标准卷积神经网络（CNN）设计很少专注于明确捕获各种功能以增强网络性能的重要性。相反，大多数现有方法遵循增加或调整网络深度和宽度的间接方法，这在许多情况下显着提高了计算成本。受生物视觉系统的启发，我们提出了一种多样化和自适应的卷积网络（DA $ ^ {2} $ - net），它使任何前锋CNN能够明确地捕获不同的功能，并自适应地选择并强调最具信息性的功能有效地提高网络的性能。 DA $ ^ {2} $ - NET会引入可忽略不计的计算开销，它旨在与任何CNN架构轻松集成。我们广泛地评估了基准数据集的DA $ ^ {2} $ - 网上，包括CNN架构的CNN100，SVHN和Imagenet，包括CNN100。实验结果显示DA $ ^ {2} $ - NET提供了具有非常最小的计算开销的显着性能改进。

我们关注模型概括中最坏的情况，因为一个模型旨在在许多看不见的域上表现良好，而只有一个单个域可供训练。我们提出基于元学习的对抗领域的增强，以解决此范围泛化问题。关键思想是利用对抗性训练来创建“虚构的”但“具有挑战性”的人群，模型可以从中学会通过理论保证进行概括。为了促进快速和理想的域增强，我们将模型训练施加在元学习方案中，并使用Wasserstein自动编码器放宽广泛使用的最坏情况的约束。我们通过整合有效域概括的不确定性定量来进一步改善我们的方法。在多个基准数据集上进行的广泛实验表明其在解决单个领域概括方面的出色性能。

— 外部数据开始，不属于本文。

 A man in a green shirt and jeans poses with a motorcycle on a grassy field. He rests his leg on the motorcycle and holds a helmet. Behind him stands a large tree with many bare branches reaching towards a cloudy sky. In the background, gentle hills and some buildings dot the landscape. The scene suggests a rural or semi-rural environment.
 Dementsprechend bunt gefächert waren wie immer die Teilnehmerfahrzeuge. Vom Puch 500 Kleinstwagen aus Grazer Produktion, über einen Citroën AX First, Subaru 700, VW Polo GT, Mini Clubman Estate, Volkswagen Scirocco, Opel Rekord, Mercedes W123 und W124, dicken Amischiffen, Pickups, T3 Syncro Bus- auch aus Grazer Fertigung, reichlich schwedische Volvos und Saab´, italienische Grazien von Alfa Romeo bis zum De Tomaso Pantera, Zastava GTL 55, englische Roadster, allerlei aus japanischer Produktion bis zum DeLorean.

In this paper, we introduce Random Erasing, a new data augmentation method for training the convolutional neural network (CNN). In training, Random Erasing randomly selects a rectangle region in an image and erases its pixels with random values. In this process, training images with various levels of occlusion are generated, which reduces the risk of over-fitting and makes the model robust to occlusion. Random Erasing is parameter learning free, easy to implement, and can be integrated with most of the CNN-based recognition models. Albeit simple, Random Erasing is complementary to commonly used data augmentation techniques such as random cropping and flipping, and yields consistent improvement over strong baselines in image classification, object detection and person reidentification. Code is available at: https://github. com/zhunzhong07/Random-Erasing.

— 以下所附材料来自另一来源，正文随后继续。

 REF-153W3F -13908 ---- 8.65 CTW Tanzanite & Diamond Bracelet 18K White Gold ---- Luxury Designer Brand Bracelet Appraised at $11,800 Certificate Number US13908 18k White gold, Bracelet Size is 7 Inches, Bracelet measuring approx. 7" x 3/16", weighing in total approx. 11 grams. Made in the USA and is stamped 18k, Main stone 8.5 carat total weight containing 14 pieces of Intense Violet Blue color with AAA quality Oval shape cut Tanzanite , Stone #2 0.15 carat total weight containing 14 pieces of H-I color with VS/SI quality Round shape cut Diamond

由于存储器和计算资源有限，部署在移动设备上的卷积神经网络（CNNS）是困难的。我们的目标是通过利用特征图中的冗余来设计包括CPU和GPU的异构设备的高效神经网络，这很少在神经结构设计中进行了研究。对于类似CPU的设备，我们提出了一种新颖的CPU高效的Ghost（C-Ghost）模块，以生成从廉价操作的更多特征映射。基于一组内在的特征映射，我们使用廉价的成本应用一系列线性变换，以生成许多幽灵特征图，可以完全揭示内在特征的信息。所提出的C-Ghost模块可以作为即插即用组件，以升级现有的卷积神经网络。 C-Ghost瓶颈旨在堆叠C-Ghost模块，然后可以轻松建立轻量级的C-Ghostnet。我们进一步考虑GPU设备的有效网络。在建筑阶段的情况下，不涉及太多的GPU效率（例如，深度明智的卷积），我们建议利用阶段明智的特征冗余来制定GPU高效的幽灵（G-GHOST）阶段结构。舞台中的特征被分成两个部分，其中使用具有较少输出通道的原始块处理第一部分，用于生成内在特征，另一个通过利用阶段明智的冗余来生成廉价的操作。在基准测试上进行的实验证明了所提出的C-Ghost模块和G-Ghost阶段的有效性。 C-Ghostnet和G-Ghostnet分别可以分别实现CPU和GPU的准确性和延迟的最佳权衡。代码可在https://github.com/huawei-noah/cv-backbones获得。

Deep convolutional networks have proven to be very successful in learning task specific features that allow for unprecedented performance on various computer vision tasks. Training of such networks follows mostly the supervised learning paradigm, where sufficiently many input-output pairs are required for training. Acquisition of large training sets is one of the key challenges, when approaching a new task. In this paper, we aim for generic feature learning and present an approach for training a convolutional network using only unlabeled data. To this end, we train the network to discriminate between a set of surrogate classes. Each surrogate class is formed by applying a variety of transformations to a randomly sampled 'seed' image patch. In contrast to supervised network training, the resulting feature representation is not class specific. It rather provides robustness to the transformations that have been applied during training. This generic feature representation allows for classification results that outperform the state of the art for unsupervised learning on several popular datasets . While such generic features cannot compete with class specific features from supervised training on a classification task, we show that they are advantageous on geometric matching problems, where they also outperform the SIFT descriptor.

自动肿瘤或病变分割是用于计算机辅助诊断的医学图像分析的关键步骤。尽管基于卷积神经网络（CNN）的现有方法已经达到了最先进的表现，但医疗肿瘤分割中仍然存在许多挑战。这是因为，尽管人类视觉系统可以有效地检测到2D图像中的对称性，但常规CNN只能利用翻译不变性，忽略医学图像中存在的进一步固有的对称性，例如旋转和反射。为了解决这个问题，我们通过编码那些固有的对称性来学习更精确的表示形式，提出了一个新型的群体模棱两可的分割框架。首先，在每个方向上都设计了基于内核的模棱两可的操作，这使其能够有效地解决现有方法中学习对称性的差距。然后，为了保持全球分割网络，我们设计具有层面对称性约束的独特组层。最后，基于我们的新框架，对现实世界临床数据进行的广泛实验表明，一个群体含量的res-unet（名为GER-UNET）优于其基于CNN的常规对应物，并且在最新的分段方法中优于其最新的分段方法。肝肿瘤分割，COVID-19肺部感染分割和视网膜血管检测的任务。更重要的是，新建的GER-UNET还显示出在降低样品复杂性和过滤器的冗余，升级当前分割CNN和划定器官上的其他医学成像方式上的潜力。